The food industry works hard to keep the focus on self-regulatory mechanisms such as the Children's Advertising Review Unit, the industry-supported 5-person shop that cannot possibly monitor all the ways that children are bombarded with food marketing these days. Yet, Elizabeth Lascoutx, director of CARU, presented her organization as doing a stellar job of monitoring food ads, making several misleading statements in the process (which seems ironic for the head of an organization charged with monitoring deceptive advertising). For example, she said that McDonald's had agreed to alter an ad campaign to show healthier choices in their children's ads, when in fact, the company disagreed with CARU's determination that the commercials were misleading.
Coca-Cola also took the opportunity to misrepresent itself. Abigail Rodgers, vice president of "Wellness Strategies and Communication" claimed that the company does not sell soda in elementary schools. Trouble is, a survey of Kentucky schools revealed that soda is sold in 44 percent of elementary schools. And Coca-Cola was a powerful lobbying force against four legislative attempts to pass a state bill to get soda out of schools. But Ms. Rodgers forgot to mention that, along with the other state bills Coca-Cola has helped kill or weaken, including those in California, New Mexico, Arizona, Connecticut, Indiana, and Oregon.
There was precious little opportunity for advocacy representation or public participation. Only a handful of panel slots were allotted to public health or children's advocates. Even then, their voices were drowned out by the likes of PepsiCo and Kraft, who were each given two separate opportunities to speak, an honor not bestowed on anyone else.

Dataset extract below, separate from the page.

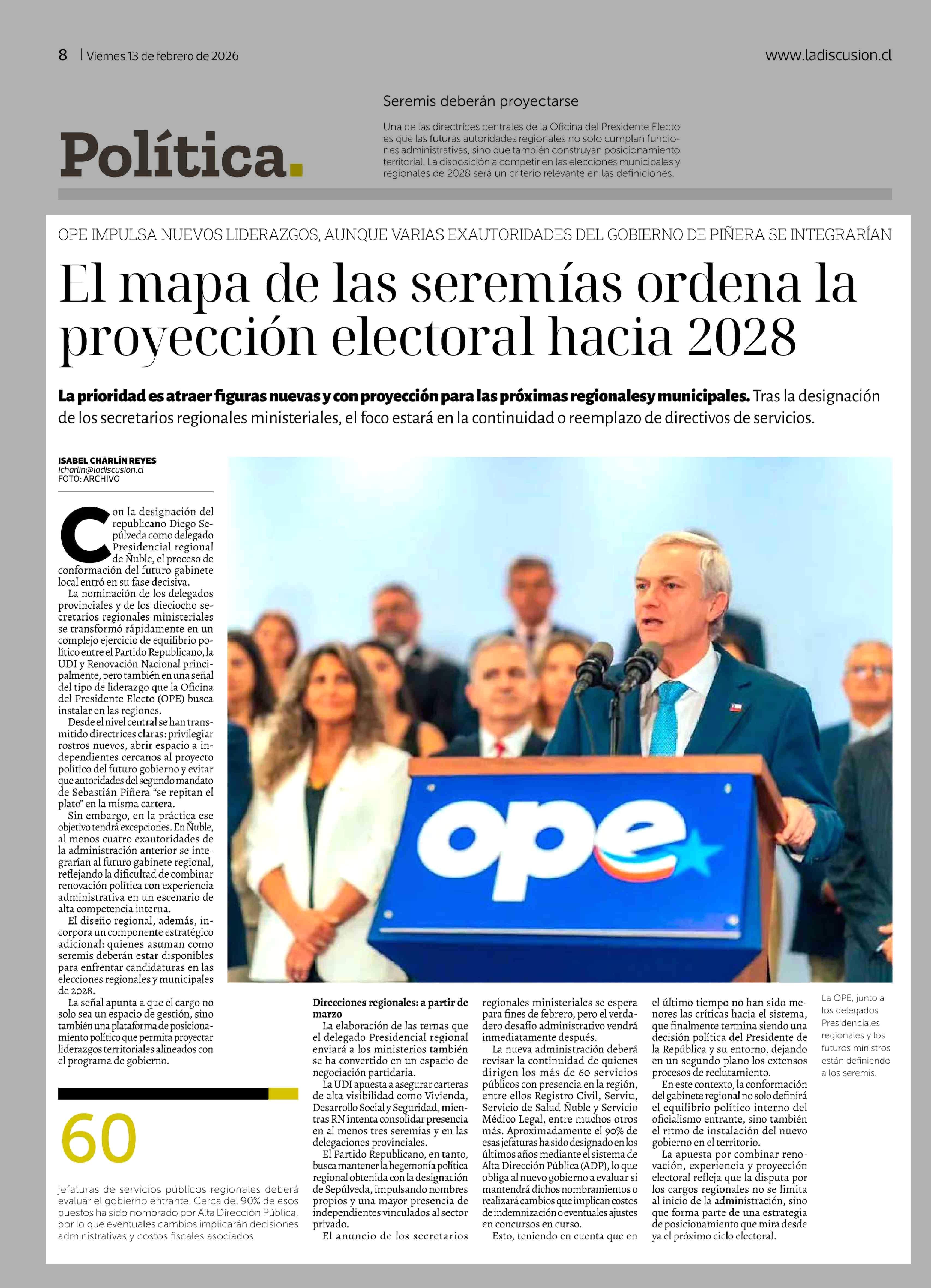 Título: El mapa de las seremías ordena la proyección electoral hacia 2028

Moreover, questions from the audience were tightly controlled by government officials, pre-screened by moderators. Only in response to pressure from advocates did the FTC alter the agenda at the last minute to include a brief "open forum" at the very end of the day, after all the reporters and most attendees had already left. Clearly Uncle Sam was not interested in hearing from the public on this matter.
Senator Harkin said he hoped that the meeting would not be just window dressing, but it turned out to be far worse. The motto of the Federal Trade Commission is "For the Consumer" but with this meeting, it might as well have been, "For the Industry." It is certainly not, "For the Children."